### Collected data
----------------

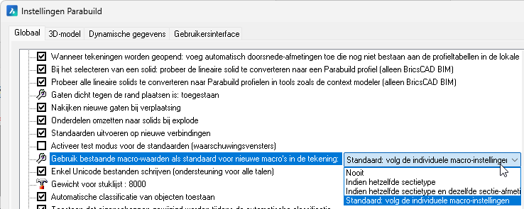 Wanneer een tekening wordt geopend, zal Parabuild elke macro opnieuw berekenen en dit kan verschillen veroorzaken ten opzichte van het laatst opgeslagen resultaat. Dit is het geval wanneer geometrie van macro's per ongeluk werd verwijderd of tijdens een bestandsherstel waarbij objecten werden verwijderd om het bestand te repareren.
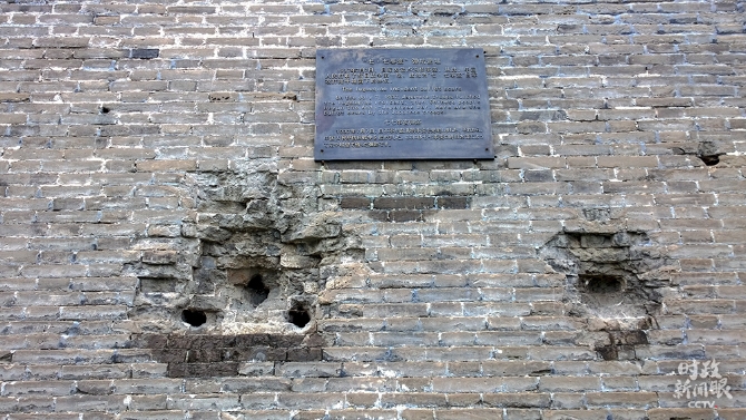 △这是“七七事变”日军攻打宛平城留下的弹坑。
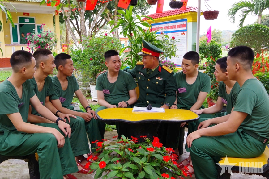 Chỉ huy đại đội nắm tình hình tư tưởng và động viên chiến sĩ mới trong ngày đầu.
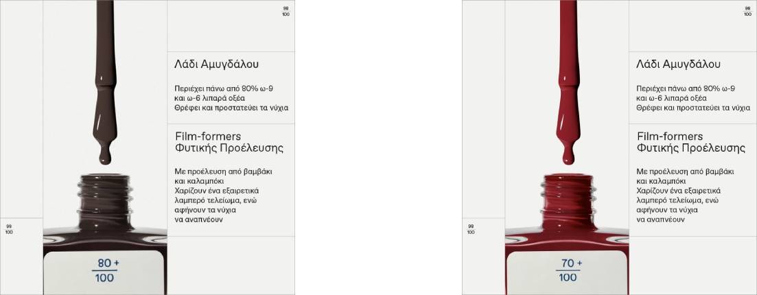 Βερνίκι νυχιών υψηλής φυσικής περιεκτικότητας που προσφέρει εξαιρετικά λαμπερό αποτέλεσμα, μέγιστη διάρκεια και πλούσιο χρώμα. Εμπλουτισμένο με θρεπτικό Έλαιο Αμυγδάλου και Film-former..

----------------

### What to do
Would you write out all of the data exactly as it stands, without the pictures?

### Finished task
 Wanneer een tekening wordt geopend, zal Parabuild elke macro opnieuw berekenen en dit kan verschillen veroorzaken ten opzichte van het laatst opgeslagen resultaat. Dit is het geval wanneer geometrie van macro's per ongeluk werd verwijderd of tijdens een bestandsherstel waarbij objecten werden verwijderd om het bestand te repareren.
 △这是“七七事变”日军攻打宛平城留下的弹坑。
 Chỉ huy đại đội nắm tình hình tư tưởng và động viên chiến sĩ mới trong ngày đầu.
 Βερνίκι νυχιών υψηλής φυσικής περιεκτικότητας που προσφέρει εξαιρετικά λαμπερό αποτέλεσμα, μέγιστη διάρκεια και πλούσιο χρώμα. Εμπλουτισμένο με θρεπτικό Έλαιο Αμυγδάλου και Film-former..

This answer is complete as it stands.